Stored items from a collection
Segment Open
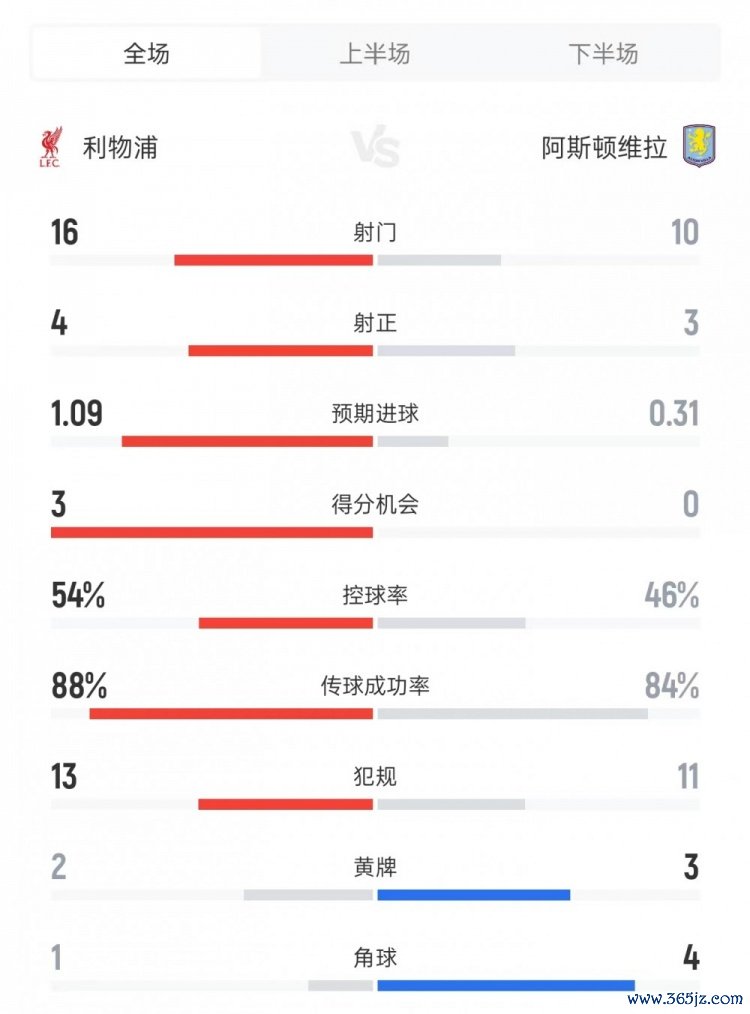 11月2日讯 英超第10轮比赛,利物浦主场2-0打败维拉。
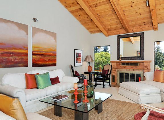 Serene Country Living on over 1 Acre! Wonderful sunny location! Chic mountain home w/ large, bright living rm w/ fireplace & exposed beam ceiling. Eat In kitchen w/ wet bar opens to family rm. Inviting solarium & numerous skylights. Rustic wood panel ceilings. Gentle slope & playground. Excellent commute location w/ easy drive off 17. Outstanding schools. 7 mi to downtown LG, 3 mi to Summit Store.
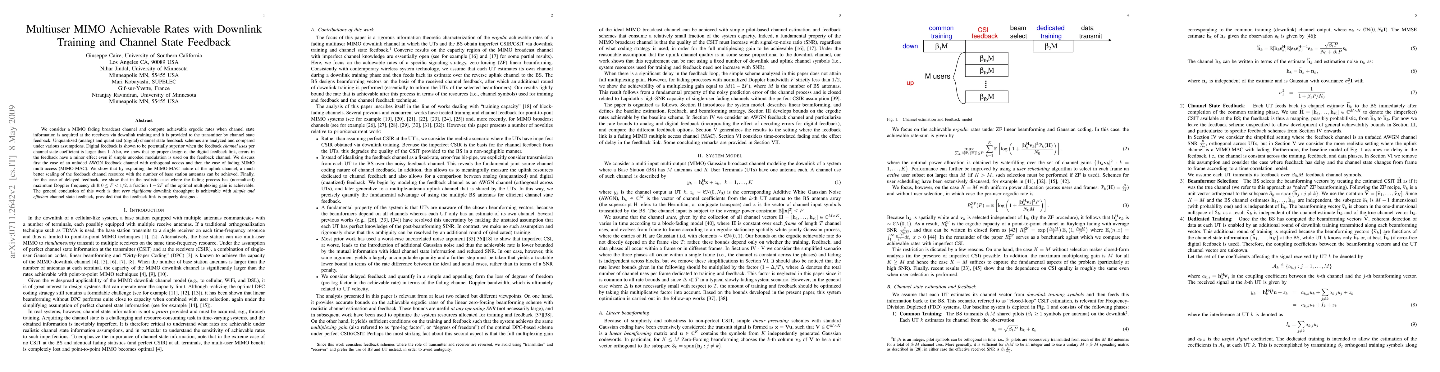 This paper investigates achievable rates in a multiuser MIMO system with downlink training and channel state feedback, comparing unquantized and quantized feedback schemes. It finds that digital feedback can be superior under certain conditions and that proper design can mitigate feedback errors, leading to significant downlink throughput gains.
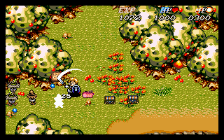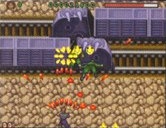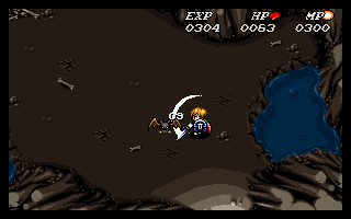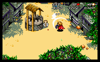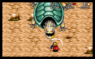 Grinding fortunately doesn't take much time, so after about an hour the little hero is ready to face the turtle. Not thanks to the enemies, though, which at that point only give 1-2 EXP upon defeat. Much more lucrative is plundering chests, which respawn each time an area is revisited, just as the enemies do, and contain healing items or EXP upgrades for up to 100 points. Even cutting grass brings faster results than beating enemies. Fighting gets also more annoying as the game processes, especially when it comes to monsters with ranged attacks. The hero is equipped with a bow and a boomerang as well, but their use is paid for in hit points, and the latter also has a ridiculously short range. Finally there's a spinning special attack, which is completely useless as it never hits the enemy.
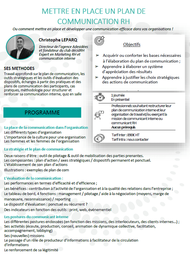 Plan de communication RH Télécharger le programme Présentation de Christophe LEPARQ S’inscrire Nous contacter Suivez-nous LinkedIn Facebook Twitter YouTube Besoin d’aide ? Notre ADNNos formationsNos référencesMarketez vos formations Contactez-nous 11, Rue Rougemont, 75009 Paris cl@adesideesrh.com 01 46 34 85 04 Découvrez notre agence
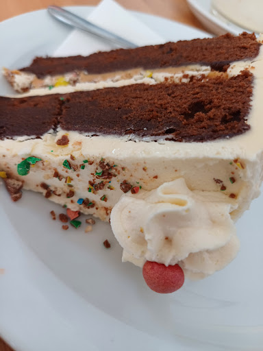 Love this coffee shop/cafe so much. The staff are so friendly and welcoming, I feel like I've known them for years. Plus the food is delicious, fresh and nice size portions. Their nachos, panini's, jackets... everything is delicious and very reasonably priced compared to a lot of places these days. As for the cake... yum! And most of the cakes are made by the coffee shop too-even better. Also they are babie/kid friendly. They have plenty of highchairs, a kids menu as well as a dedicated corner filled with toys, books and puzzles. I have been going since my baby was very little and breastfeeding is welcomed, they even gave me a glass of water...
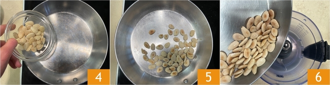 Pendant ce temps, versez dans une poêle chaude les amandes émondées 4 et faites-les torréfier à feu moyen pendant environ 7 minutes, en remuant souvent pour éviter qu'elles ne brûlent 5. Transférez les amandes torréfiées dans un mixeur équipé de lames 6, en prenant soin d'en réserver quelques-unes pour la décoration.
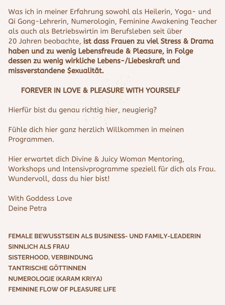 Liebe Petra, ich bin so froh über die facettenreichen Botschaften der Göttinnen und war berührt und ermutigt ob Deinem mit uns Teilen Deiner Erfahrung Deines Zugangs zu ihnen 🧡
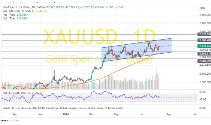 24K99讯 周一(8月12日)亚市盘中,现货黄金交投在2427美元/盎司附近。知名财经网站FXDailyReport分析师Nicholas Kitonyi撰文,对黄金后市走势进行分析。
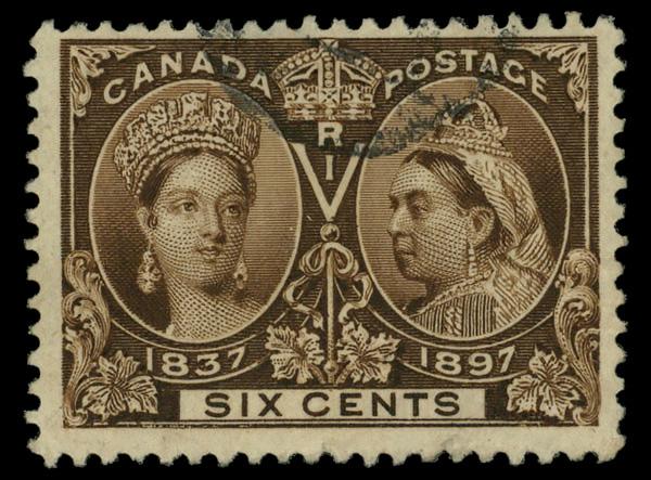 1897, Queen Victoria Jubilee, 6¢ yellow brown (Scott 55), Fine to Very Fine. Scott $175. (Image)
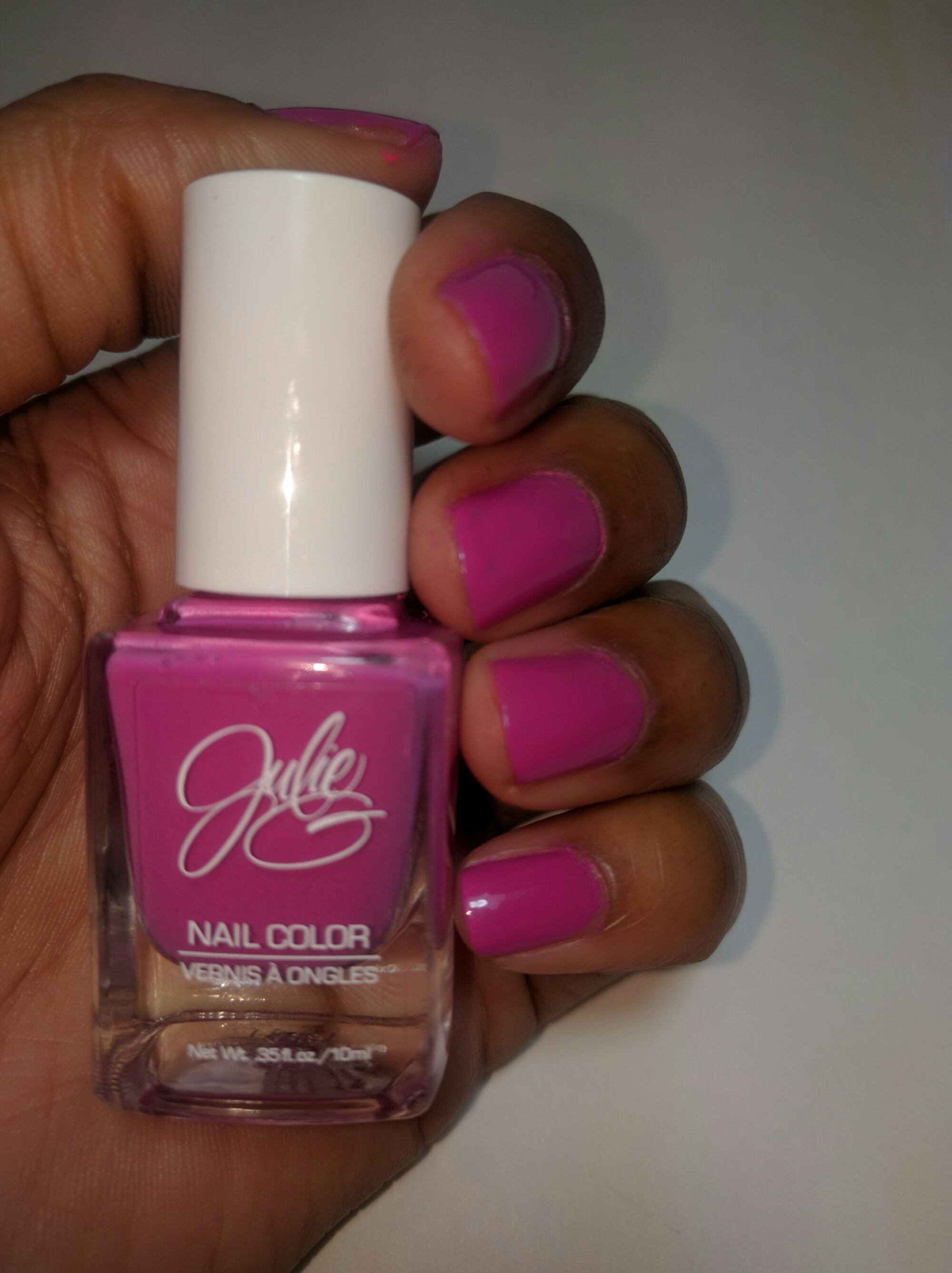 This week’s manicure is from Julie G,a very respected nail polish brand in the polish community. I got this in a Julie G nail polish collection one summer. I cannot remember for the life of me how much it cost, but I do remember it was a great deal! The purchase was inspired by CofferBreakWithDani on YouTube. Since that’s her favorite brand, and I didn’t have any of them in my collection, I figured it was worth a try (especially since it was on sale). I do remember that 6 polishes came in it, and I got it on Groupon.
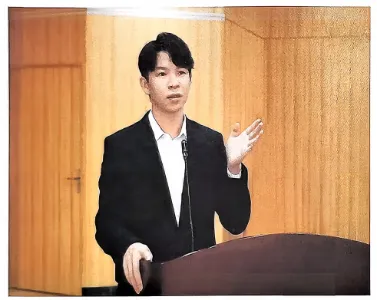 从正面拍摄时,拍摄者要注意机位与拍摄对象的眼睛平行,尽量捕捉他们目视前方、嘴巴微张的神情,同时注意桌面上名牌清晰、话筒高度合适。
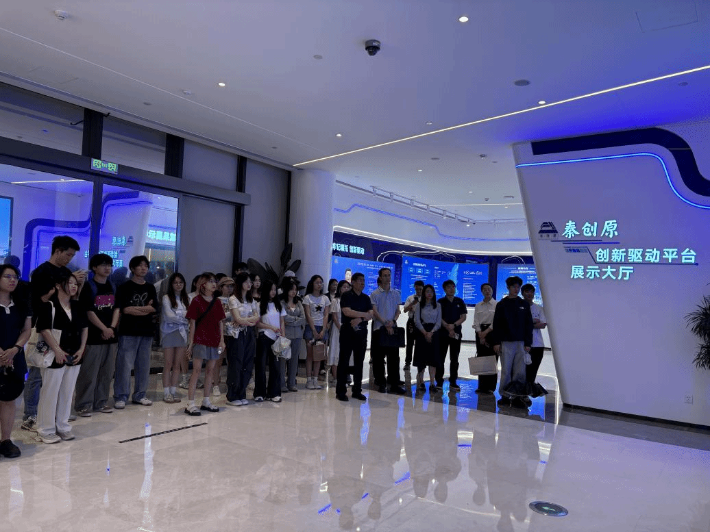 在秦创原综合服务中心工作人员的引导下,师生们首先参观了展示大厅,全面了解了秦创原创新驱动平台的战略定位、功能布局及阶段性成果。该平台集“资源共享、研究开发、科技金融、人才服务、成果转化、综合业务”等功能于一体,实现创新驱动共享化、科技服务网络化;建设立体联动“孵化器”、科技成果转化“加速器”和产业链与创新链融合“促进器”,已构建起覆盖政策支持、技术研发、资本对接、企业孵化的全链条服务体系。
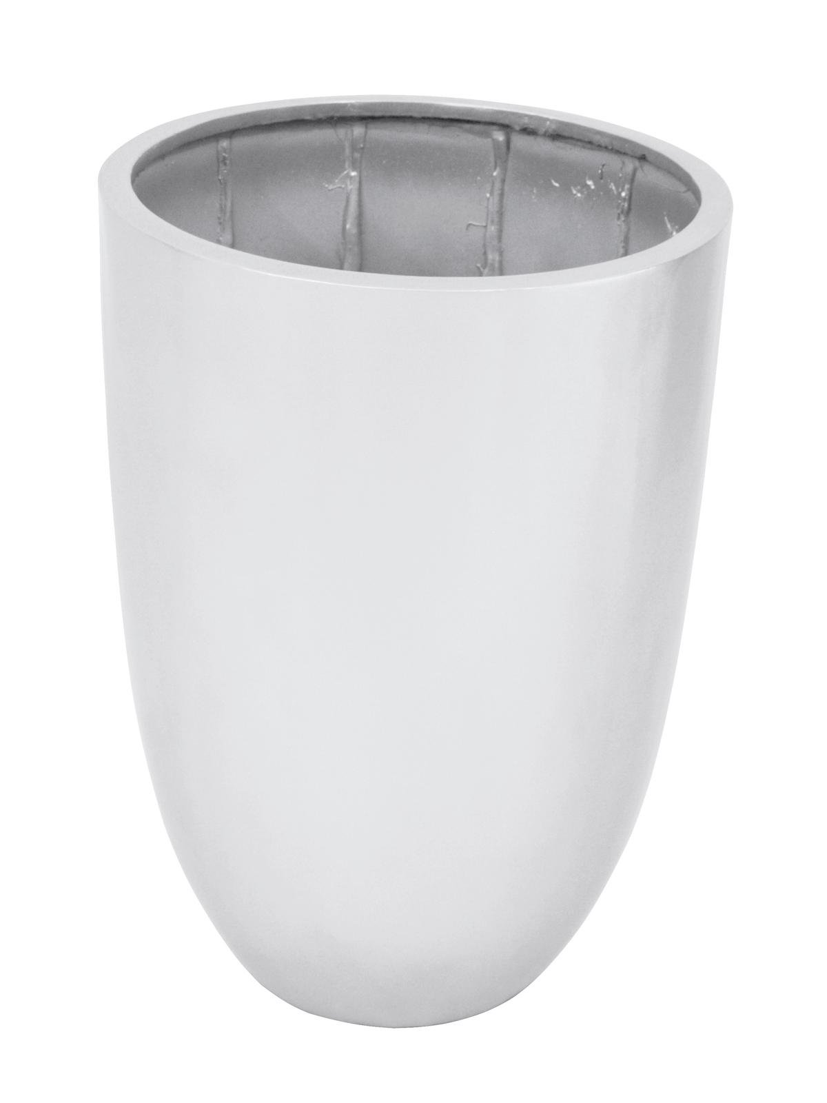 Sofistikovaný design lehkého a zároveň robustního květináče. Materiál hliník-laminát s 3 mm širokou stěnou. Elegantní stříbrná barva ve vysokém lesku. Květináč je kruhového tvaru, šířka horní hrany cca 2,5 cm, průměr 47 cm, výška květináče 69 cm a hmotnost 4,75 kg. Upozornění: Květináč je pouze dekorativní a je určený pro aranžmá umělých rostlin. Pro použití s živými květinami zasazenými v hlíně je nutné vložit samostatný voděodolný květináč. Není určeno pro venkovní použití.
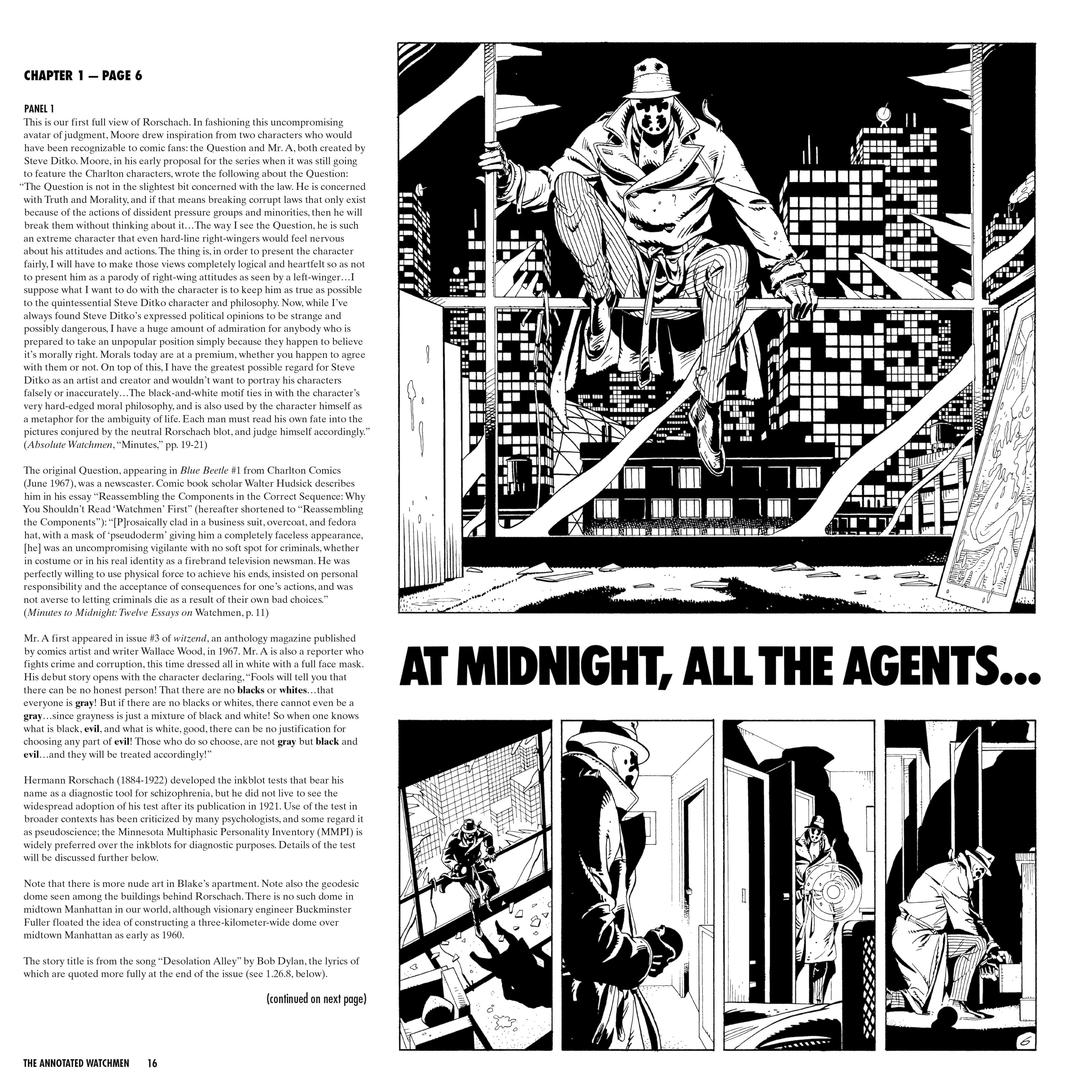 Hier ist der komplette Comic enthalten, zu jeder Seite gibt es aber Anmerkungen. Einiges geht dabei auf comicgeschichtliche Elemente ein wie Figuren, die als Inspiration für Watchmen-Charaktere dienten, anderes ist dann eher historischer Art. Und manches erscheint auch reichlich überflüssig, wie etwa die Erklärung auf Seite 55, was „the funny papers“. Auf derselben Seite wird dann auch noch erklärt, welche Bibelstelle der Priester bei der Beerdigung des Comedians vorliest. Anderes erscheint gegenüber dem Leser fast beleidigend, etwa, wenn erklärt wird, was MTV ist.
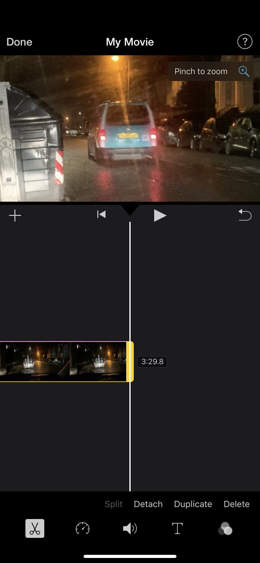 Paso 4: desliza el vídeo hacia adentro o hacia afuera para acercarlo y alejarlo (esto efectivamente lo recorta). toca Listo en la esquina superior izquierda de la pantalla una vez que haya terminado.
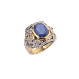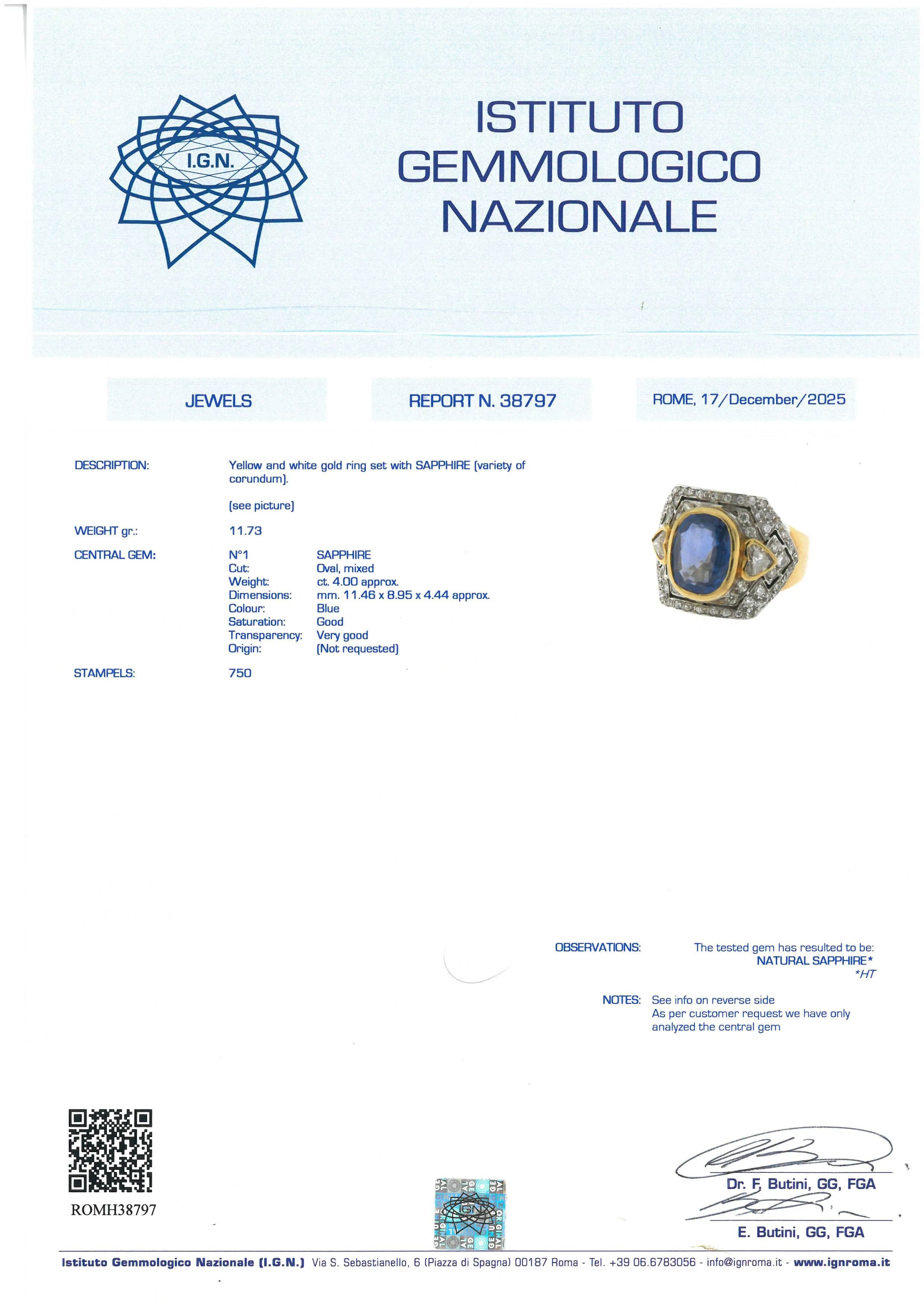 in oro giallo e bianco 18kt, impreziosito al centro da uno zaffiro taglio ovale di ct 4 circa, affiancato da diamanti taglio cuore per ct 0.80 circa e taglio brillante per ct 1.20 circa, punzone 750, mis.14/54, gr. 11 circa. Corredato di certificato IGN del 17/12/2025 attestante le caratteristiche della pietra
Segment Closed
Give exactly the lines above that run from the line with "This week’s manicure" to the line with "Sofistikovaný design lehkého", both included, leaving every picture out.

Solved exercise
 This week’s manicure is from Julie G,a very respected nail polish brand in the polish community. I got this in a Julie G nail polish collection one summer. I cannot remember for the life of me how much it cost, but I do remember it was a great deal! The purchase was inspired by CofferBreakWithDani on YouTube. Since that’s her favorite brand, and I didn’t have any of them in my collection, I figured it was worth a try (especially since it was on sale). I do remember that 6 polishes came in it, and I got it on Groupon.
 从正面拍摄时,拍摄者要注意机位与拍摄对象的眼睛平行,尽量捕捉他们目视前方、嘴巴微张的神情,同时注意桌面上名牌清晰、话筒高度合适。
 在秦创原综合服务中心工作人员的引导下,师生们首先参观了展示大厅,全面了解了秦创原创新驱动平台的战略定位、功能布局及阶段性成果。该平台集“资源共享、研究开发、科技金融、人才服务、成果转化、综合业务”等功能于一体,实现创新驱动共享化、科技服务网络化;建设立体联动“孵化器”、科技成果转化“加速器”和产业链与创新链融合“促进器”,已构建起覆盖政策支持、技术研发、资本对接、企业孵化的全链条服务体系。
 Sofistikovaný design lehkého a zároveň robustního květináče. Materiál hliník-laminát s 3 mm širokou stěnou. Elegantní stříbrná barva ve vysokém lesku. Květináč je kruhového tvaru, šířka horní hrany cca 2,5 cm, průměr 47 cm, výška květináče 69 cm a hmotnost 4,75 kg. Upozornění: Květináč je pouze dekorativní a je určený pro aranžmá umělých rostlin. Pro použití s živými květinami zasazenými v hlíně je nutné vložit samostatný voděodolný květináč. Není určeno pro venkovní použití.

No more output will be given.